Please transcribe exactly the line that holds "Gucci black patent" and all lines that follow it to the end of the records below, omitting any pictures.

_PROVIDED DATA:_
· · · ·
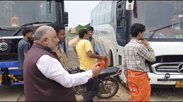 मौके पर गैर राज्यों के वाहन बड़ी संख्या में खड़े थे। परिवहन मंत्री ने कहा यही तो दुर्घटना का कारण है।
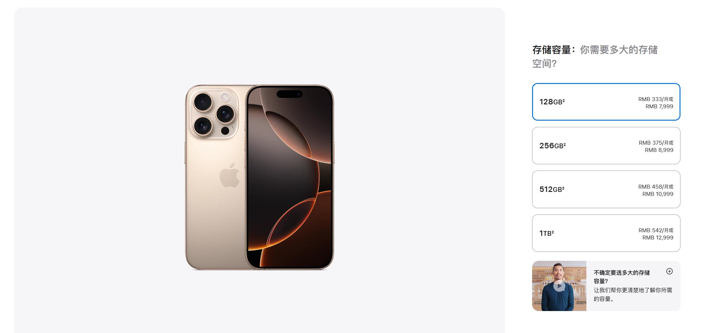 2. 存儲定價策略“割韭菜”:256GB版本售價與15 Pro持平,但1TB版本溢價高達3000元,性價比極低。
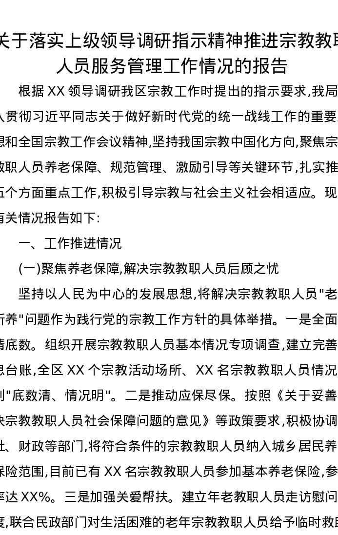 关于落实上级领导调研指示精神推进宗教教职人员服务管理工作情况的报告
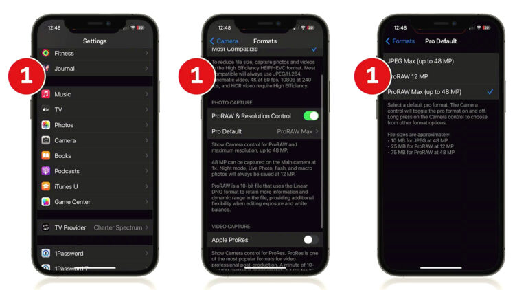 The default is ProRAW Max. Make sure ProRAW is turned on. This is where you decide—do you really need 48 megapixels, or can you get away with ProRAW 12 megapixel?
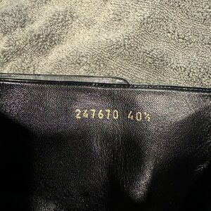 Gucci black patent leather ankle boots with light gold tone stud embellishment and heel detail. The zipper pull is “Gucci” embossed. Leather upper, sole and interior. Style 247670; Size 40.5 Italian (US 9.5-10). Worn a few times. Great condition! One small scuff on right boot (pictured)
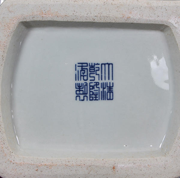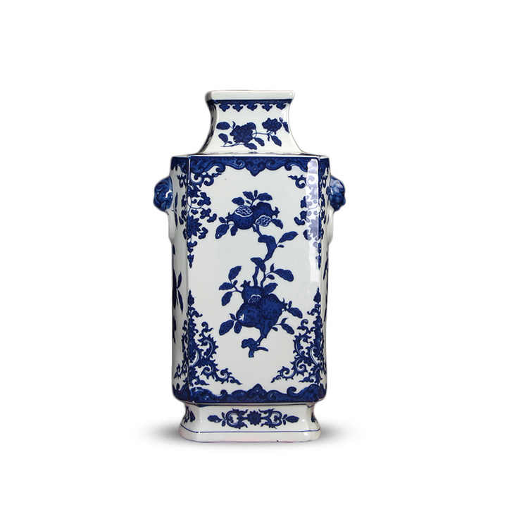 High-Grade Chinese Antique Blue and White Porcelain Square Peach Vase Double Ear Lion Head for Home Decor
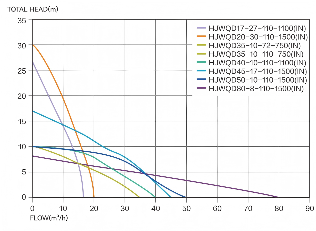 HJWQD80-8-110-1500 | 110V | 110V-150V | 1500W | 80m³/h | 8m | 4" | 5m | <220V | <205V |
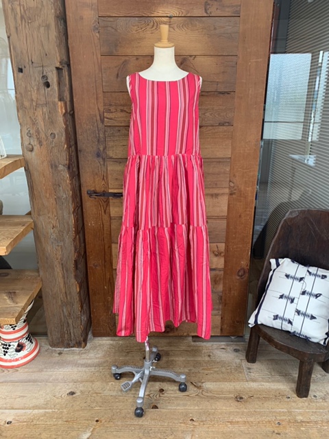 赤いマルチストライプのワンピース💕 大人気のマルチストライプのワンピースが再入荷しました💕😃 インド綿のソフトコットン素材で裏地もコットンが付いております 透けないので、一枚で着用出来ます⭐️👍 生地から作ったデザイナーの渾身の1着 身長の小柄なお客様にもお勧めのワンピースです💕 マルチストライプのワンピース ¥17600 2021年5月12日
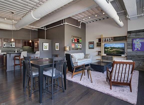 Upscale condo with a modern touch located in the center of downtown Asheville. Walk to everything. This spacious 1 bedroom condo has an open layout with 12ft ceilings, SS opening windows, exposed beams and metal duct work. Fine finishes include stainless kitchen counter top, granite on bar top and bathroom, travertine tile in Jacuzzi tub/shower, and solid birch doors. Office space with built-in desk and shelves off bedroom. Great views from rooftop terrace. Secure parking in building.
· · · ·
_EXERCISE RESULT:_
 Gucci black patent leather ankle boots with light gold tone stud embellishment and heel detail. The zipper pull is “Gucci” embossed. Leather upper, sole and interior. Style 247670; Size 40.5 Italian (US 9.5-10). Worn a few times. Great condition! One small scuff on right boot (pictured)
 High-Grade Chinese Antique Blue and White Porcelain Square Peach Vase Double Ear Lion Head for Home Decor
 HJWQD80-8-110-1500 | 110V | 110V-150V | 1500W | 80m³/h | 8m | 4" | 5m | <220V | <205V |
 赤いマルチストライプのワンピース💕 大人気のマルチストライプのワンピースが再入荷しました💕😃 インド綿のソフトコットン素材で裏地もコットンが付いております 透けないので、一枚で着用出来ます⭐️👍 生地から作ったデザイナーの渾身の1着 身長の小柄なお客様にもお勧めのワンピースです💕 マルチストライプのワンピース ¥17600 2021年5月12日
 Upscale condo with a modern touch located in the center of downtown Asheville. Walk to everything. This spacious 1 bedroom condo has an open layout with 12ft ceilings, SS opening windows, exposed beams and metal duct work. Fine finishes include stainless kitchen counter top, granite on bar top and bathroom, travertine tile in Jacuzzi tub/shower, and solid birch doors. Office space with built-in desk and shelves off bedroom. Great views from rooftop terrace. Secure parking in building.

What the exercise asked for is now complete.